A literatura especializada assim se posiciona em relação a essa questão:

Porque onde diferenças de propriedade dividem os homens em classes com interesses antagônicos, os homens serão orientados por interesses de classes, que são interesses particulares em relação a toda a sociedade; assim sendo, não terão condições de exprimir uma vontade geral pelo bem comum (MACPHERSON, 1978, p. 23).

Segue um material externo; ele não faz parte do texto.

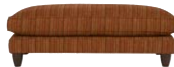
FOOTSTOOL H42cm W108cm D60cm

Conforme o entendimento de Rousseau é possível inferir que o filósofo vislumbra uma sociedade igualitária em termos de direitos desde que houver igualdade quanto ao direito à propriedade, onde “nenhum cidadão será jamais bastante rico para comprar outro, e ninguém será bastante pobre de modo a ser obrigado a vender-se” (MACPHERSON, 1978, p. 23).

Nesse contexto, enquanto admirador da polís grega e sua democracia, Rousseau defendeu que os seres humanos deveriam ser educados para se tornarem justos e esclarecidos, imbuídos de um “espírito público”, dotados de “bom senso” e uma “consciência moral” capaz de legislar conforme a vontade geral.